The task: Go to the line with "внешний вид |" in the material below and copy from there through the line with "Superficies de madera", exactly. Pictures are not copied.

Excerpted records:
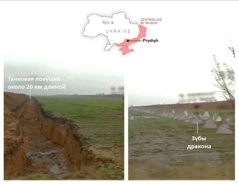 Среди защитных сооружений есть километровые ряды бетонных пирамид, известных как зубы дракона, и глубокие канавы, называемые танковыми ловушками. Оба предназначены для замедления украинских транспортных средств и вытеснения их на заданные позиции, где российские войска могут вести прицельный огонь по ним.
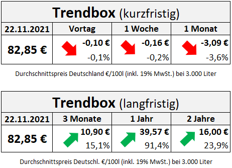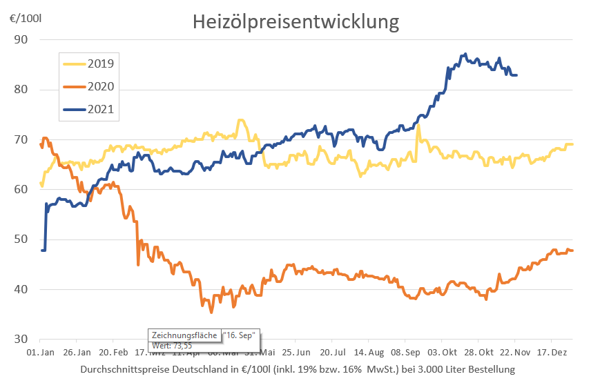 Die genannten Heizölpreise beziehen sich stets auf den deutschlandweiten Durchschnittspreis bei einer Bestellung von 3.000 Liter Heizöl Standard schwefelarm inklusive 19% MwSt. bzw. vom Zeitraum 1.Juli bis 31.Dezember 2020 16% MwSt. Außerdem fallen durch Transportkosten die Preise regional unterschiedlich aus. Die Preisspanne zwischen den Regionen kann daher momentan bei bis zu ca. 2,18 Euro pro 100 Liter liegen. Stand der Preise 22.11.2021
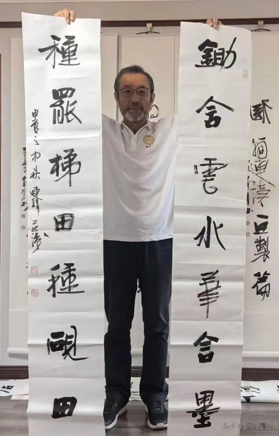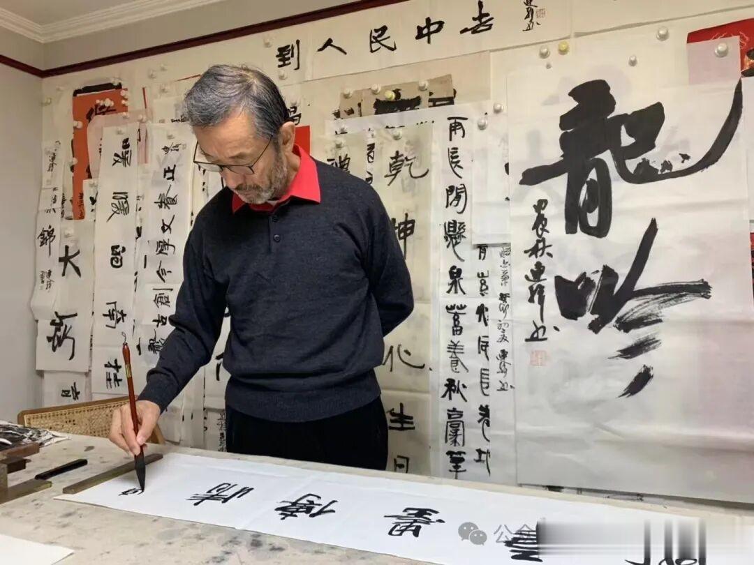 他经常在书房里练字,陶冶情操,有时也会举办跟书法有关的专题讲座,在书坛颇具影响力。他的生涯就像他的对联写的那样,上联是黄河饮马的生命豪情,下联是案上书香的文人雅志。
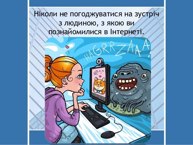 - 2. Ніколи не погоджуватися на зустріч з людиною, з якою ви познайомилися в Інтернеті.
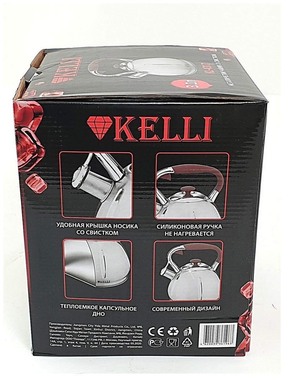 | Комплектация | Чайник Kelli подойдет для использования на конфорках газовых, керамических и электрических моделей кухонных плит, поэтому Вы можете не беспокоиться о сохранности дорогой бытовой техники. Корпус рассматриваемой модели изготовлен из износостойкой нержавеющая стальавеющей стали, придающей ей презентабельный внешний вид |
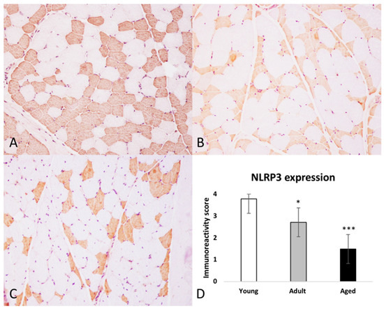 Immunohistochemical expression of NLRP3 in skeletal muscle in cows. (A) Aged cows (Group A), (B) Adult cows (Group B), (C) Young cows (Group C). HRP method with Mayer’s hematoxylin counterstain. (D) Immunoreactivity score for NLRP3 expression. There is a statistically significant negative association between age and the presence of NLRP3 immunolabeled muscle fibers. Each value is the mean ± SEM (* p < 0.05; *** p < 0.001).
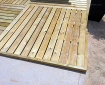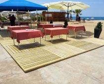 Superficies de madera tratada. Ideales para cubrir superficies irregulares como arena o tierra y crear una base plana sobre la que asentar diferentes elementos (chiringuitos, aseos, quioscos, pérgolas,…)
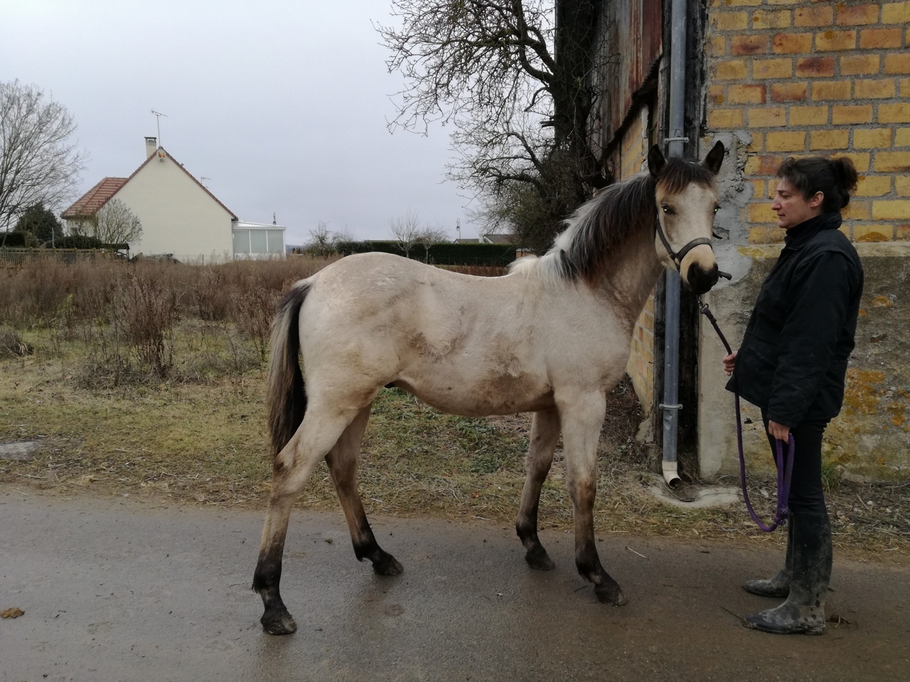 rien de bien méchant mais il fallait recadrer et surtout que je mette en place un cadre ferme. En une semaine c'était terminé et depuis c'est un ange. Il est très proche de l'homme, c'est vraiment super. Tous les dix ou quinze jours je fais une petite séance de travail à pied, il capte tout vraiment vite. À moi d'être précise et fine dans mes demandes. Ce n'est pas toujours évident mais on avance sur le bon chemin. En tout cas j'adore mon poulain
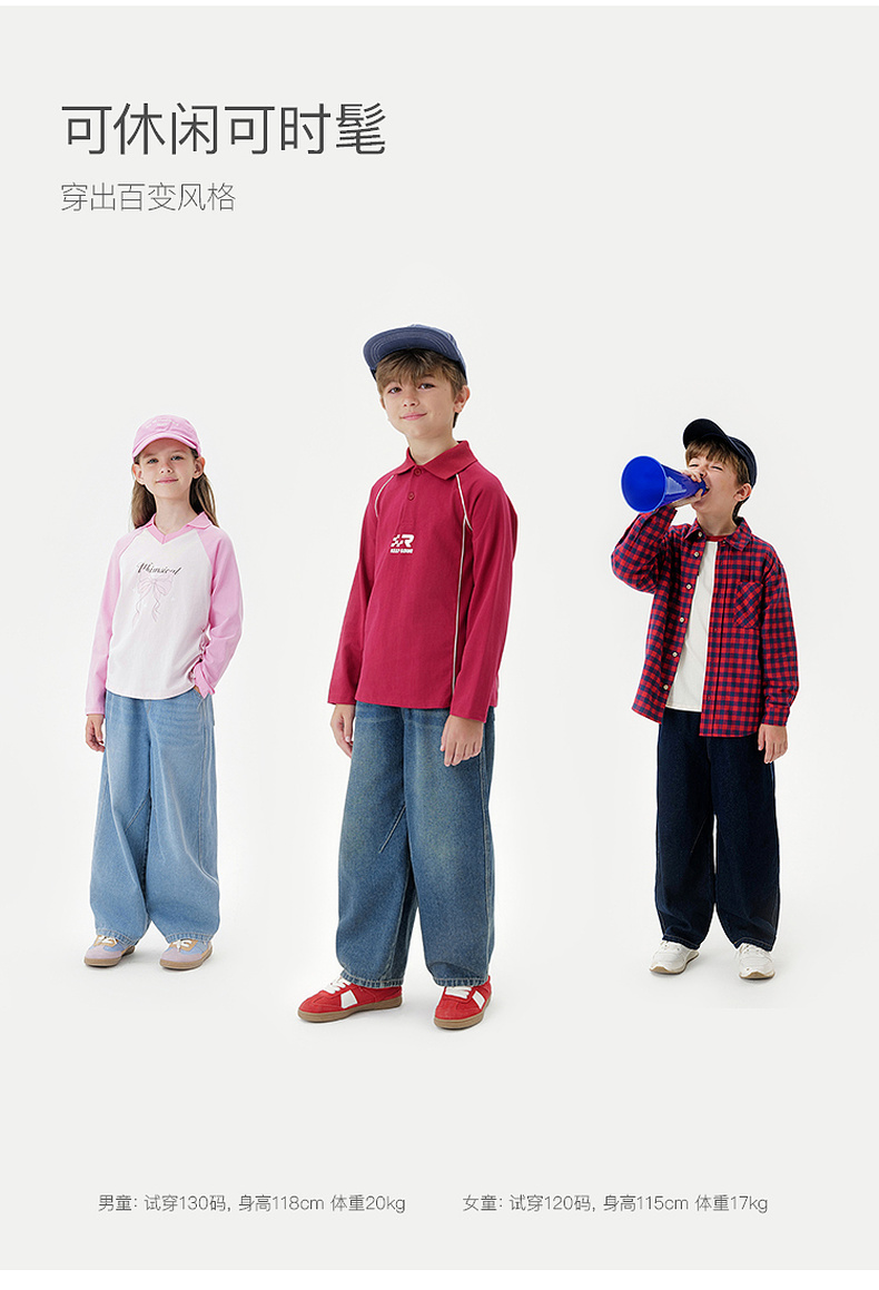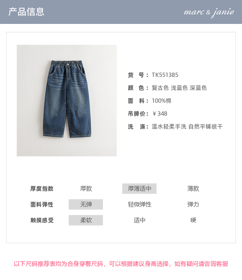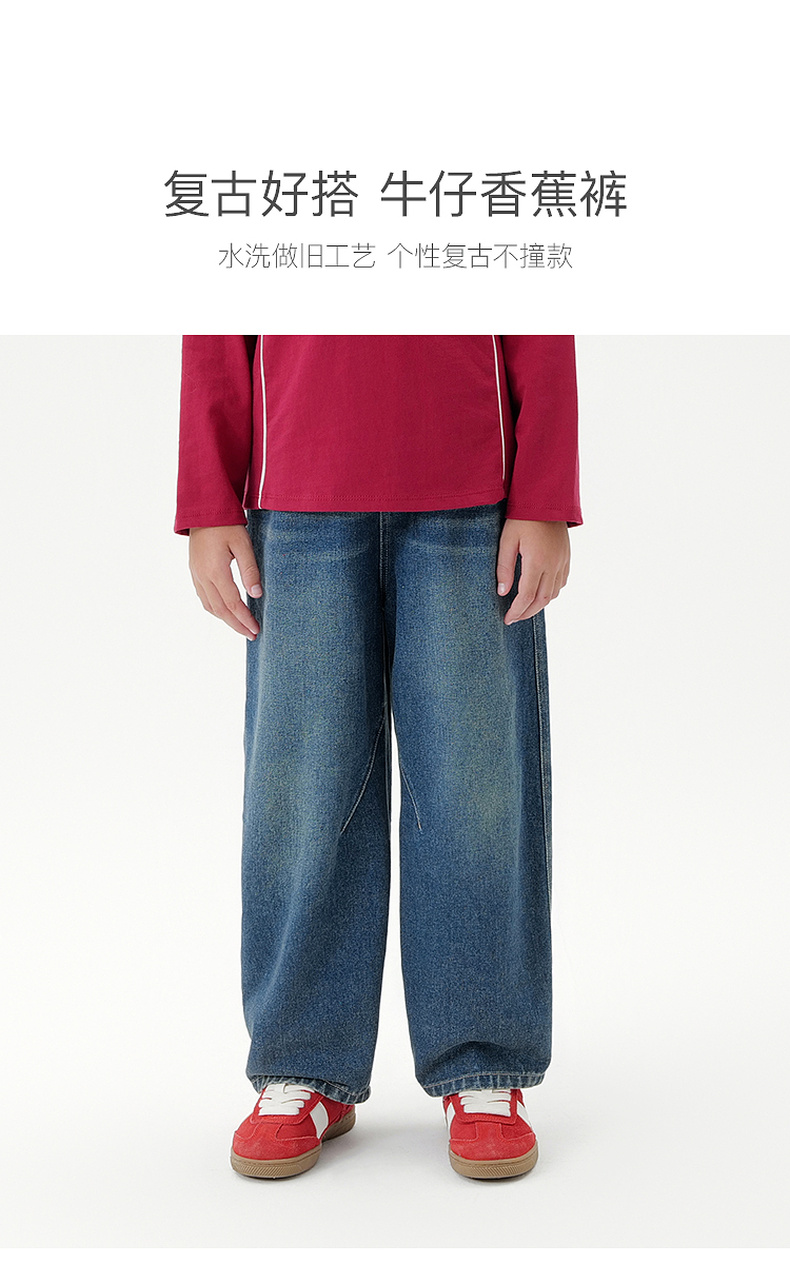马克珍妮男女童复古百搭牛仔香蕉裤儿童裤子2025年秋装新款551385
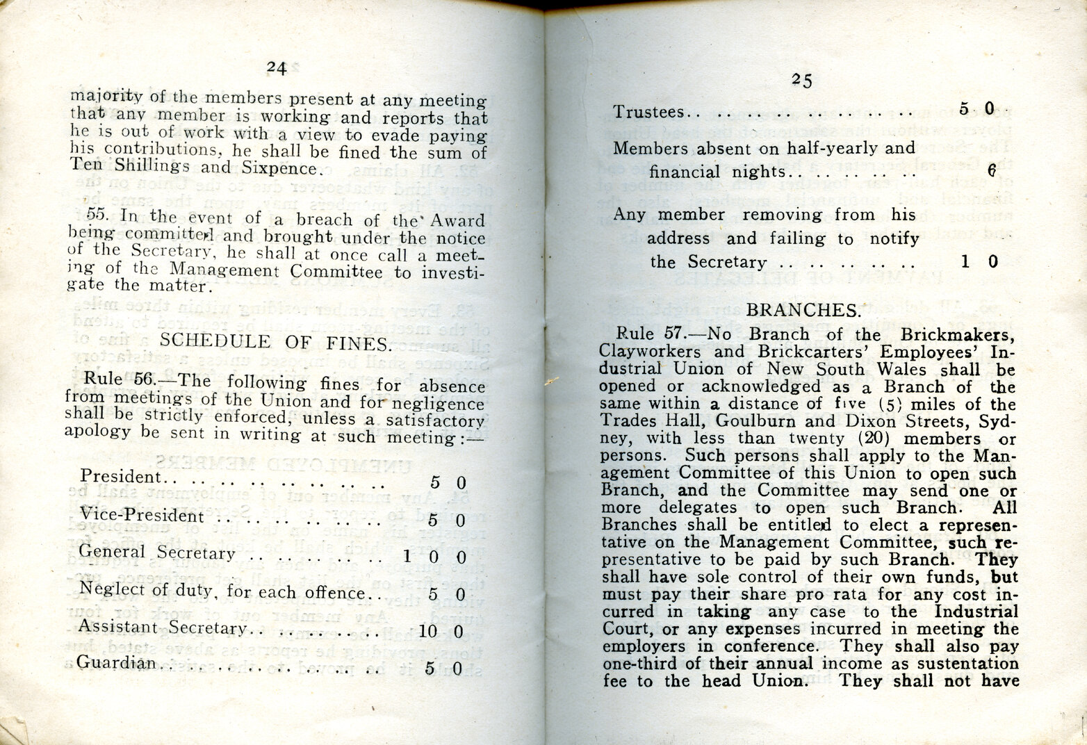 Pages 24 and 25 of the Booklet titled Rules of the Brickmakers Clayworkers and Brickcarters Employees Union, [C2019(xii)_014]. Living Histories, accessed 17/04/2026, https://livinghistories.newcastle.edu.au/nodes/view/72619

Response to the exercise:
 | Комплектация | Чайник Kelli подойдет для использования на конфорках газовых, керамических и электрических моделей кухонных плит, поэтому Вы можете не беспокоиться о сохранности дорогой бытовой техники. Корпус рассматриваемой модели изготовлен из износостойкой нержавеющая стальавеющей стали, придающей ей презентабельный внешний вид |
 Immunohistochemical expression of NLRP3 in skeletal muscle in cows. (A) Aged cows (Group A), (B) Adult cows (Group B), (C) Young cows (Group C). HRP method with Mayer’s hematoxylin counterstain. (D) Immunoreactivity score for NLRP3 expression. There is a statistically significant negative association between age and the presence of NLRP3 immunolabeled muscle fibers. Each value is the mean ± SEM (* p < 0.05; *** p < 0.001).
 Superficies de madera tratada. Ideales para cubrir superficies irregulares como arena o tierra y crear una base plana sobre la que asentar diferentes elementos (chiringuitos, aseos, quioscos, pérgolas,…)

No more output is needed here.